> [Supplied data]
□ □ □

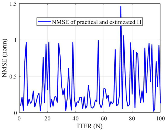As shown in the channel estimation error comparison graph (NMSE of practical and estimated H) in Figure 3, over 100 iterations, the normalized mean squared error (NMSE) of the proposed method consistently remains below 1.5, which is significantly lower than the traditional method exceeding 3.0. This demonstrates that by integrating imperfect CSI modeling with the distributed alternating optimization algorithm, the proposed scheme achieves enhanced robustness to channel estimation errors, thereby maintaining stable signal transmission quality under non-ideal channel conditions.
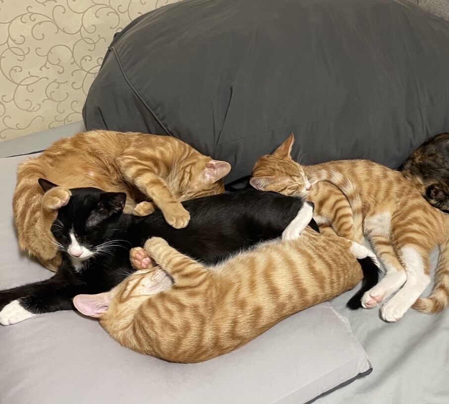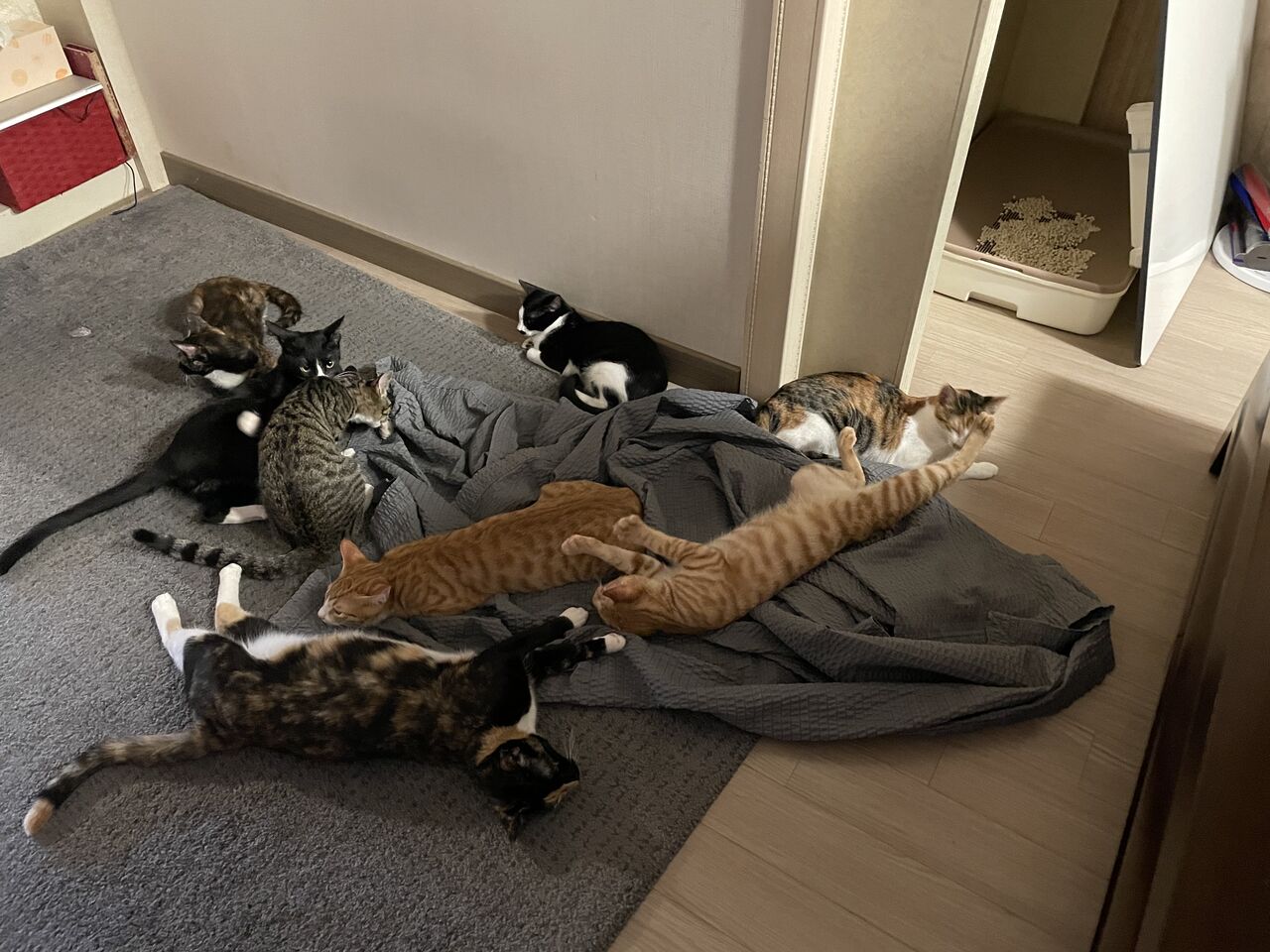 ソーシャルディスタンス我が家に9匹もいるにゃんこたちですが・・・ こんなご時世ですからね きちんとソーシャルディスタンス そう社会的距離を保ち・・・ 常に安全を心掛け・・・ ん? あらら・・・💦 我が家は仲良しニャンズなのでどうかお許しを (はるお兄ちゃん 大好き💛)
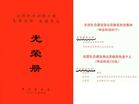 2012年9月24日,全国林业科学技术大会在北京召开,中共中央政治局委员、国务院副总理、全国绿化委员会主任回良玉出席会议。国家林业局局长赵树丛主持会议。会议表彰了为全国林业科技发展做出突出贡献的先进集体和先进个人。我校校长杨传平、科学技术研究院常务副院长李凤日代表学校出席会议。我校林学院、帽儿山实验林场获得“全国林业工作先进集体”荣誉称号;我校副校长赵雨森、森林植物生态学教育部重点实验室主任祖元刚、生态研究中心主任王传宽获得“全国林业科技工作先进个人”荣誉称号。

□ □ □

> [Assignment] Would you repeat the complete listing exactly, excluding each picture it holds?

> [Output]
As shown in the channel estimation error comparison graph (NMSE of practical and estimated H) in Figure 3, over 100 iterations, the normalized mean squared error (NMSE) of the proposed method consistently remains below 1.5, which is significantly lower than the traditional method exceeding 3.0. This demonstrates that by integrating imperfect CSI modeling with the distributed alternating optimization algorithm, the proposed scheme achieves enhanced robustness to channel estimation errors, thereby maintaining stable signal transmission quality under non-ideal channel conditions.
 ソーシャルディスタンス我が家に9匹もいるにゃんこたちですが・・・ こんなご時世ですからね きちんとソーシャルディスタンス そう社会的距離を保ち・・・ 常に安全を心掛け・・・ ん? あらら・・・💦 我が家は仲良しニャンズなのでどうかお許しを (はるお兄ちゃん 大好き💛)
 2012年9月24日,全国林业科学技术大会在北京召开,中共中央政治局委员、国务院副总理、全国绿化委员会主任回良玉出席会议。国家林业局局长赵树丛主持会议。会议表彰了为全国林业科技发展做出突出贡献的先进集体和先进个人。我校校长杨传平、科学技术研究院常务副院长李凤日代表学校出席会议。我校林学院、帽儿山实验林场获得“全国林业工作先进集体”荣誉称号;我校副校长赵雨森、森林植物生态学教育部重点实验室主任祖元刚、生态研究中心主任王传宽获得“全国林业科技工作先进个人”荣誉称号。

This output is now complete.